Décision n° 2014-693 DC du 25 mars 2014 - Saisine par 60 députés
Le projet de loi relatif à la géolocalisation a été adopté par l'Assemblée nationale et le Sénat le 24 février dernier et ce, en recueillant un large accord parmi l'ensemble des groupes parlementaires. Au cours de l'examen de ce texte, a été introduite à l'article 1er du projet de loi, par voie d'amendement, une disposition, codifiée à l'article 230-41 du code de procédure pénale, permettant de disjoindre du dossier de la procédure certains éléments dont la connaissance est susceptible de mettre gravement en danger la vie ou l'intégrité physique d'une personne, des membres de sa famille ou de ses proches et alors qu'elle n'est ni utile à la manifestation de la vérité, ni indispensable à 1'exercice des droits de la défense.
Aux termes de ces dispositions, il appartient au juge des libertés et de la détention, saisi à tout moment par requête motivée du juge d'instruction, d'autoriser, par décision motivée, que n'apparaissent pas dans le dossier de la procédure : la date, l'heure et le lieu où le moyen technique permettant la géolocalisation en temps réel a été installé ou retiré ; l'enregistrement des données de localisation et les éléments permettant d'identifier une personne ayant concouru à l'installation ou au retrait de ce moyen technique.
Le nouvel article 230-41 prévoit également que la décision du juge des libertés et de la détention est jointe au dossier de la procédure. Les informations soustraites du dossier de la procédure sont inscrites dans un autre procès-verbal, qui est versé dans un dossier distinct, dans lequel figure également la requête du juge d'instruction. Ces informations sont inscrites sur un registre coté et paraphé, qui est ouvert à cet effet au tribunal de grande instance.
Au cours des débats parlementaires, la question s'est posée de savoir si ce dispositif qui entend permettre de protéger les personnes qui concourent à l'action de la justice respectait le principe des droits de la défense auquel nous sommes naturellement profondément attachés.

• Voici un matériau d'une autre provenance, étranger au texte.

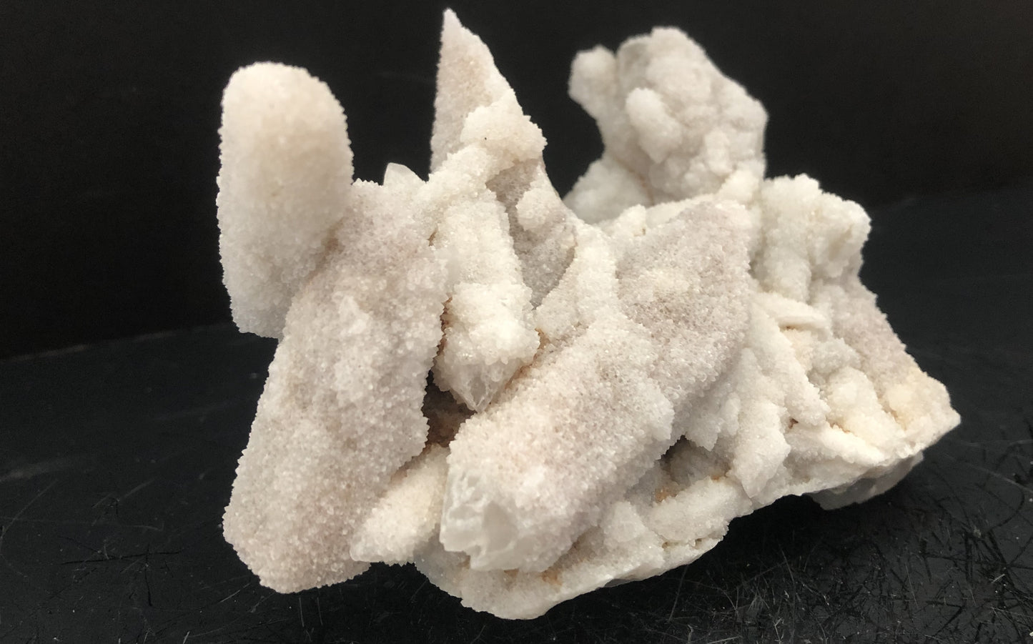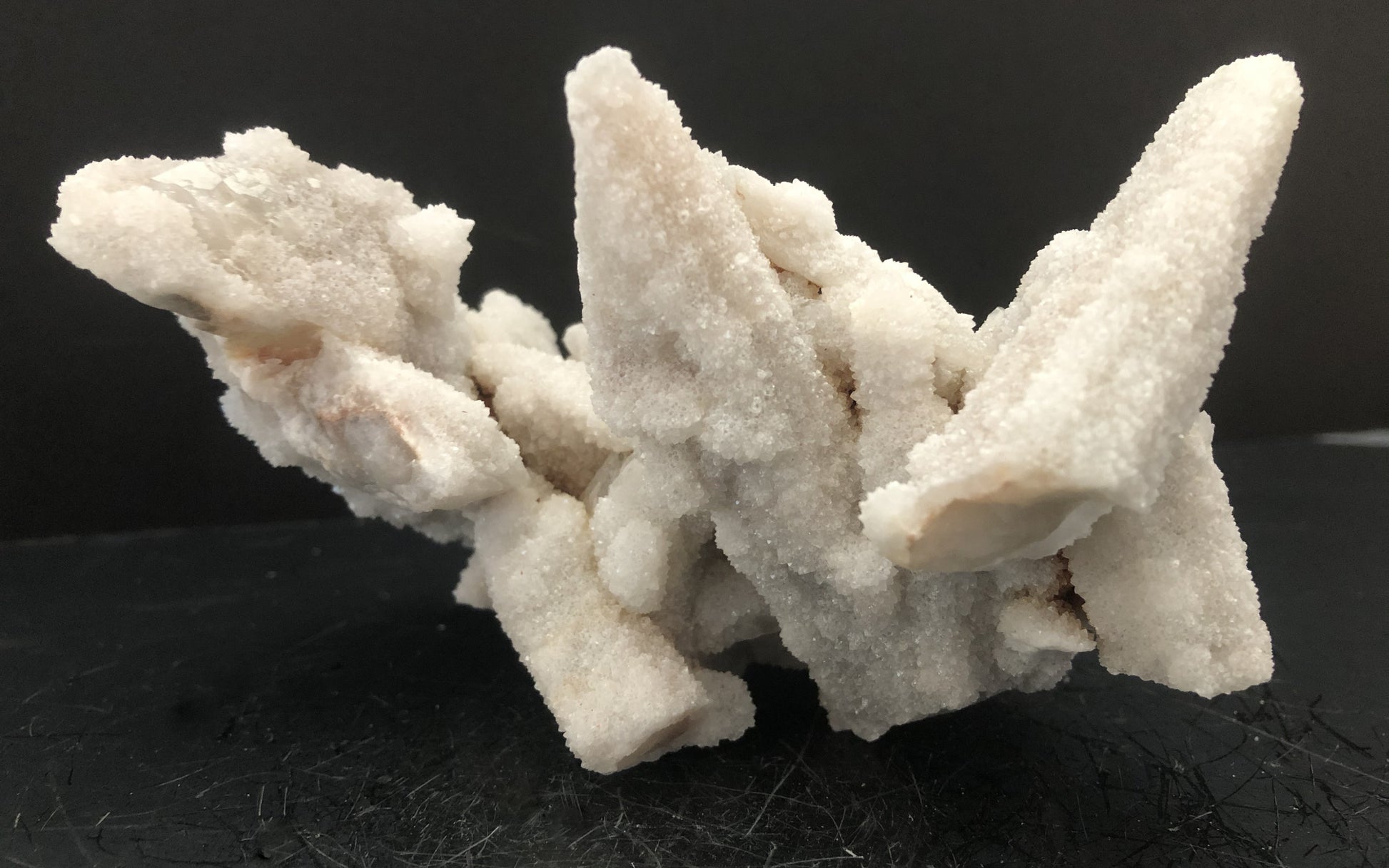 Not your typical cactus quartz - this one is white or gray. It has a very unique shape and a rough texture to it. There are places where it was sheared off or cut from the matrix where you can observe the fine, sandlike coating of crystals wrapped around the darker, inner core. 4" x 4" (at its longest points) 13 oz.

La garde des Sceaux a exprimé de telles interrogations tant à l'Assemblée nationale qu'au Sénat alors que les auteurs de l'amendement ayant introduit la disposition en question ont fait valoir leur volonté de trouver un équilibre entre la protection des personnes concourant à l'action de la justice et le respect des droits de la défense. La rédaction finalement adoptée par les deux chambres entend traduire cet équilibre.
Néanmoins dans une matière si sensible et afin de sécuriser les procédures pénales qui pourraient se fonder sur le nouvel article 230-41 du code de procédure pénale, il a paru important au président de la commission des Lois de l'Assemblée nationale, par ailleurs coauteur de cet amendement, que, saisi en application de l'article 61 de la Constitution, le Conseil constitutionnel puisse se pencher sur ce dispositif. La ministre de la Justice, au nom du Gouvernement, a également appelé de ses vœux une telle initiative, faisant état du caractère inédit du dispositif et d'un« petit espace d'incertitude juridique »,qui, en la matière, ne peut demeurer, selon nous, comme tel.
C'est à cette fin que nous avons l'honneur de déférer au Conseil constitutionnel, en application de l'article 61, alinéa 2, de la Constitution, la loi relative à la géolocalisation afin qu'il puisse statuer sur les dispositions précitées.
Nous vous prions de croire, Monsieur le Président, à l'assurance de notre haute considération.